START Dataset extract
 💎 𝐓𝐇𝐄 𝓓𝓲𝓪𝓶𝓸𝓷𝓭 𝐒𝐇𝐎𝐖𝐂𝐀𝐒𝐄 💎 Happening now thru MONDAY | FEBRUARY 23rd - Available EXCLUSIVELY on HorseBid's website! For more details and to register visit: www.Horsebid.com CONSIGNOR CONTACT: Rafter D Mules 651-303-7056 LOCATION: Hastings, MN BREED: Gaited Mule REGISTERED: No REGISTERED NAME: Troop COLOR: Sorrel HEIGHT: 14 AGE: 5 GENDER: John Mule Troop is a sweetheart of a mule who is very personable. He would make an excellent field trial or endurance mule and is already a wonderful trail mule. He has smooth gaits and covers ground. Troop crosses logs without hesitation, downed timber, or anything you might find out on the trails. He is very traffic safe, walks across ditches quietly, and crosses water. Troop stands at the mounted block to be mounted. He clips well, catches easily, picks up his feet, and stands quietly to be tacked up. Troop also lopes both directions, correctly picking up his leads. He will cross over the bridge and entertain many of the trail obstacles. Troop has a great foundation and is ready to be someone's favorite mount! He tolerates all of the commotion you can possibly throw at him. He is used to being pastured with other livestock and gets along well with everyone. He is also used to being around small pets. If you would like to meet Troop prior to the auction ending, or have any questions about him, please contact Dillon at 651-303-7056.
END Dataset extract
START Dataset extract
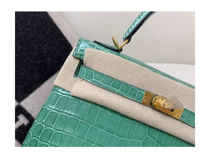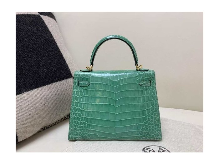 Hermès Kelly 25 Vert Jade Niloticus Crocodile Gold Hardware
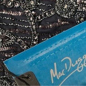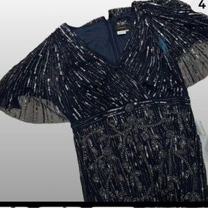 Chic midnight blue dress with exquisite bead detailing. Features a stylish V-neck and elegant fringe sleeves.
END Dataset extract
START Dataset extract
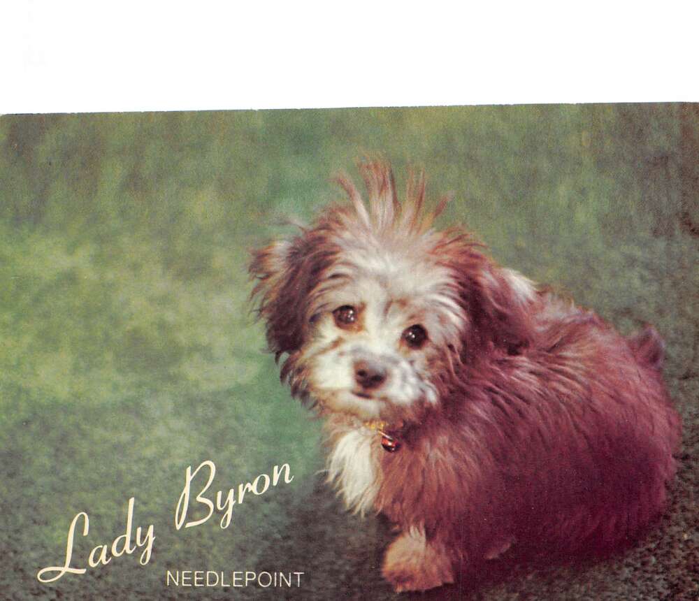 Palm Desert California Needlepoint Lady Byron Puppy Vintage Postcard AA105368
END Dataset extract
Exercise brief
When you reach the line holding "Hermès Kelly 25" in the listing above, begin retyping exactly, and stop once the line holding "Chic midnight blue" is done; pictures stay out.

Task answer
 Hermès Kelly 25 Vert Jade Niloticus Crocodile Gold Hardware
 Chic midnight blue dress with exquisite bead detailing. Features a stylish V-neck and elegant fringe sleeves.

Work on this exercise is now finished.